▶ [WORKING DATA]:
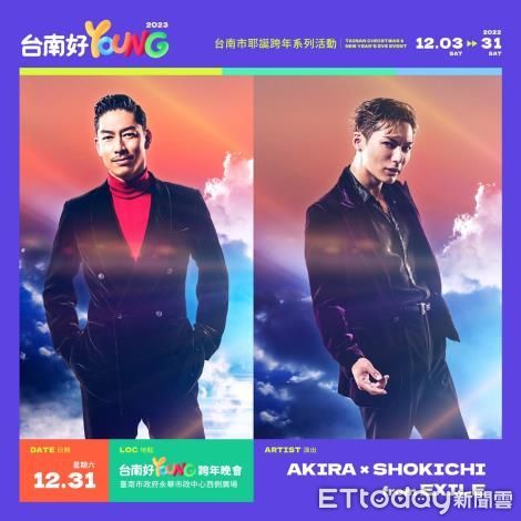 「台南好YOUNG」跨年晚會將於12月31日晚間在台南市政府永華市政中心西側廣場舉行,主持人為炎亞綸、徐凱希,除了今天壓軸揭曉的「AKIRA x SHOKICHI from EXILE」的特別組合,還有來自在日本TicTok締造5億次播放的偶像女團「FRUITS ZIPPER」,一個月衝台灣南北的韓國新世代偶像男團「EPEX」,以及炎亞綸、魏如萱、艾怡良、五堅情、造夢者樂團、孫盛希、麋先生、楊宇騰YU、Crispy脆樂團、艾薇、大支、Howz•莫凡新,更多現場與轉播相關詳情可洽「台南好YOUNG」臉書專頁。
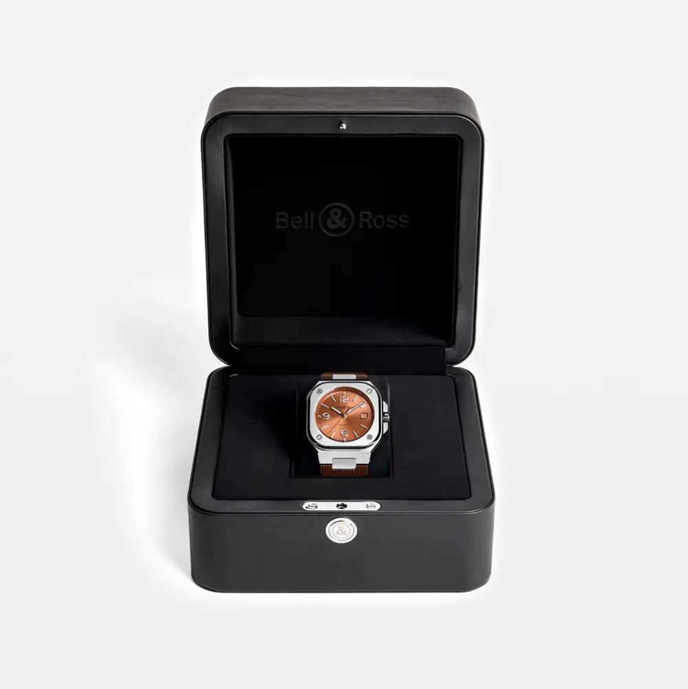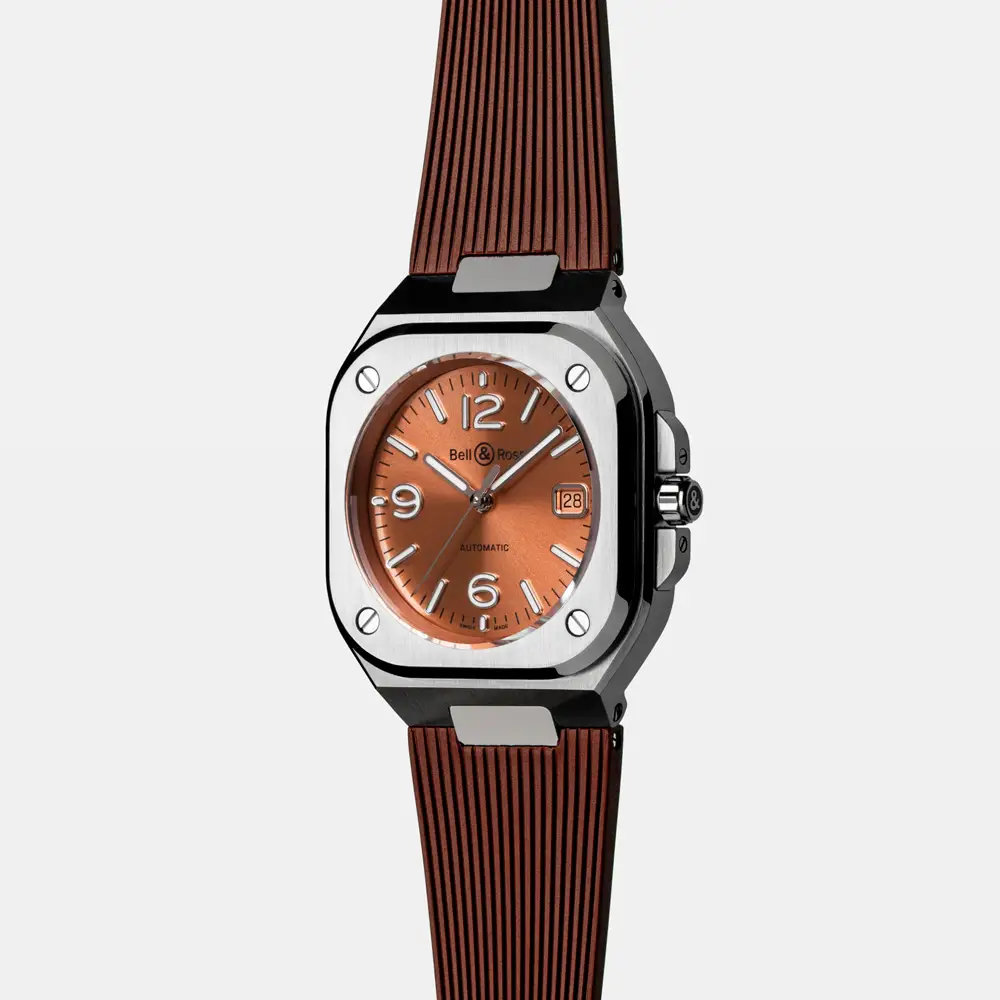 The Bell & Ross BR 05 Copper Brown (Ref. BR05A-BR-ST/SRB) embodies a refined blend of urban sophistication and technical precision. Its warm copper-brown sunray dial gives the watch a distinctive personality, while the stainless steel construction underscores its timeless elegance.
* * *
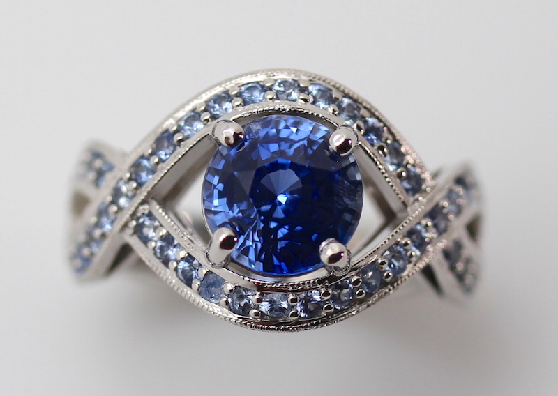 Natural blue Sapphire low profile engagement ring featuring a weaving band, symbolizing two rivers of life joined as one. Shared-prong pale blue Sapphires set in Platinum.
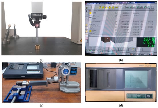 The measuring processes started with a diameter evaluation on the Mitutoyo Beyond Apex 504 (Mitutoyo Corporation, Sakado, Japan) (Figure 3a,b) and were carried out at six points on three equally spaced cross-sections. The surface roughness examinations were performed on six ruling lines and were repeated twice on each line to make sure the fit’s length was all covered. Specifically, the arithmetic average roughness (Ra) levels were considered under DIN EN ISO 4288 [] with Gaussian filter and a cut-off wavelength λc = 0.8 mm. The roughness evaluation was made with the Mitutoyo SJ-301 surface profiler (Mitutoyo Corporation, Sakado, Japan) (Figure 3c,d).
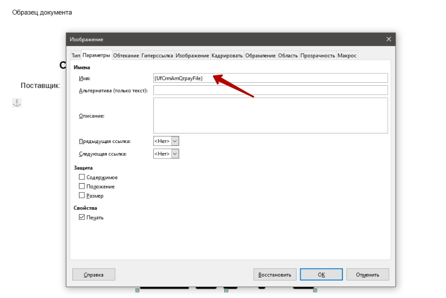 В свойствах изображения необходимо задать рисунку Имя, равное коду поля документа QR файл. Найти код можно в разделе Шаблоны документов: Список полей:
...
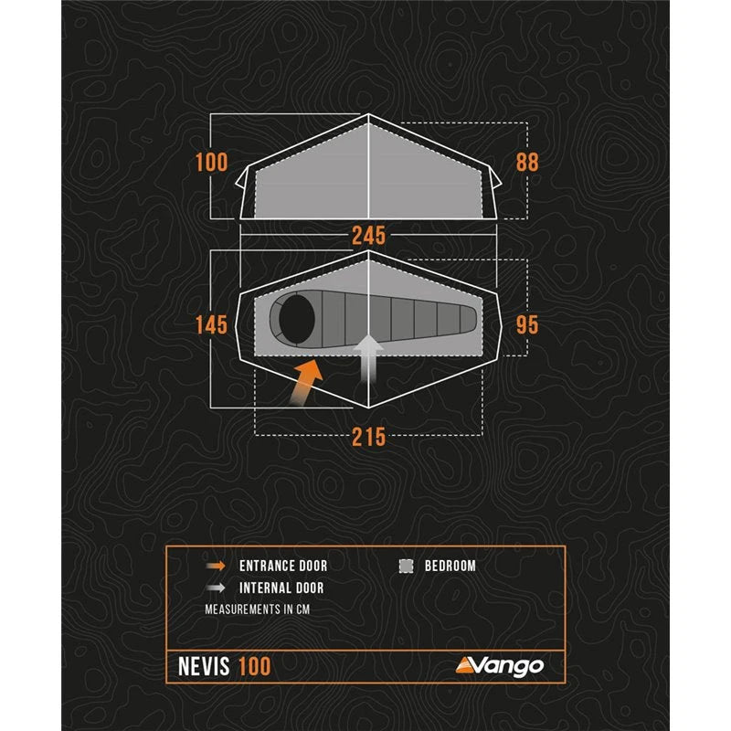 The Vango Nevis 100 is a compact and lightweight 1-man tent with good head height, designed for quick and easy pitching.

▶ [TASK GOAL]:
Go back to the listing above and write out the lines starting at the one with "x SHOKICHI from" and ending at the one with "The Bell & Ross", inclusive, exactly and without pictures.

▶ [ANSWER BOX]:
 「台南好YOUNG」跨年晚會將於12月31日晚間在台南市政府永華市政中心西側廣場舉行,主持人為炎亞綸、徐凱希,除了今天壓軸揭曉的「AKIRA x SHOKICHI from EXILE」的特別組合,還有來自在日本TicTok締造5億次播放的偶像女團「FRUITS ZIPPER」,一個月衝台灣南北的韓國新世代偶像男團「EPEX」,以及炎亞綸、魏如萱、艾怡良、五堅情、造夢者樂團、孫盛希、麋先生、楊宇騰YU、Crispy脆樂團、艾薇、大支、Howz•莫凡新,更多現場與轉播相關詳情可洽「台南好YOUNG」臉書專頁。
 The Bell & Ross BR 05 Copper Brown (Ref. BR05A-BR-ST/SRB) embodies a refined blend of urban sophistication and technical precision. Its warm copper-brown sunray dial gives the watch a distinctive personality, while the stainless steel construction underscores its timeless elegance.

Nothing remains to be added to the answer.